RethinkDB has a JavaScript engine built in, and commands that take functions also accept strings that will be interpreted and executed in that engine. When creating queries using this technique, follow the JavaScript ReQL API instead of the Java documentation. Revisiting the example above, but implementing it with JavaScript, would look like:

do! fromTable "User"
    |> get userId
    |> updateJSWithOptArgs
        "function (row) { return { lastSeen: r.now(), priorSeen: row('lastSeen') } }"
        [ NonAtomic true ]
    |> runWrite
    |> ignoreResult
    |> withConn conn

Note the [ NonAtomic true ] at the end; this is a great segue to discuss…

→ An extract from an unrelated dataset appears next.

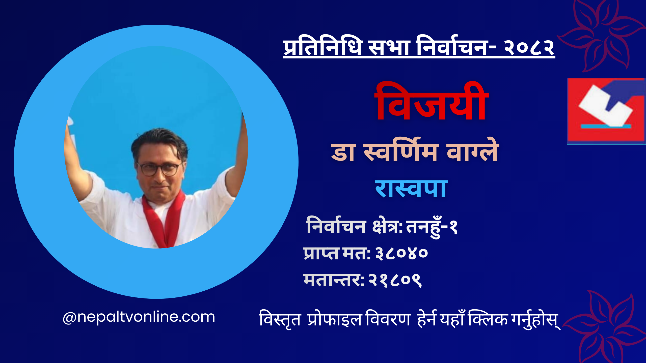तनहुँ- तनहुँ-१ बाट रास्वपाका डा स्वर्णिम वाग्ले विजयी हुनु भएको छ । डा वाग्लेले ३८ हजार ४० मतसहित विजयी हुनुभएको हो ।

Strongly-Typed Optional Arguments

Several ReQL commands have optional arguments that control the execution of the command. In the example above, RethinkDB requires the non-atomic option for a JavaScript update, as it cannot know whether it is a deterministic function until it parses it. (It knew the ReQL function was deterministic because of the AST tree built from that step.) A few other examples include:

In these cases, we would normally pass strings. In the F# driver, though, there are discriminated unions (DUs) that allow us to specify these options in a strongly-typed way. They should be discoverable in your IDE; however, you can always browse the definitions to see what is available in each context. One more quick example, using the between command:

// ...
    between 1 100 [ LowerBound Open; UpperBound Closed ]
// ...

Command Robustness

While some database drivers handle reconnections seamlessly, RethinkDB does not. The F# driver fills in this gap, though, with retry logic using Polly. In between retry attempts, the library runs .reconnect on the connection; in most transient-error cases, this provides seamless reconnect behavior. There are three general forms of retry functions / DSL operators:

As with the result and write commands, the default assumes Task<'T>; there are withAsyncRetry for Async<'T> and withSyncRetry for non-async 'T.

A quick example here, using both functions and the DSL, to retrieve all active users, retrying once:

// Type: IConnection -> Task<User list>
let activeUsersFunc = fromTable "User" |> filter {| isActive = "true" |} |> result<User list> |> withRetryOnce

// Type: IConnection -> Task<User list>
let activeUsersCE = rethink<UserList> { withTable "User"; filter [ "isActive", true ]; result; withRetryOnce }

Error Handling

While we'd all like to think that our queries are perfect just the way they are, this is (sadly) not always the case. On retrieval queries, RethinkDB raises exceptions; but, for write operations, errors are returned in a Result object (namespace RethinkDb.Driver.Model). This can be surprising! The F# driver provides two different forms of the write command:

Which you use is really up to you; internally, write is simply an exception-raising wrapper around writeResult.

Those are the main concepts you need to know to be successful using this library. All that is left is to decide between functions or the DSL!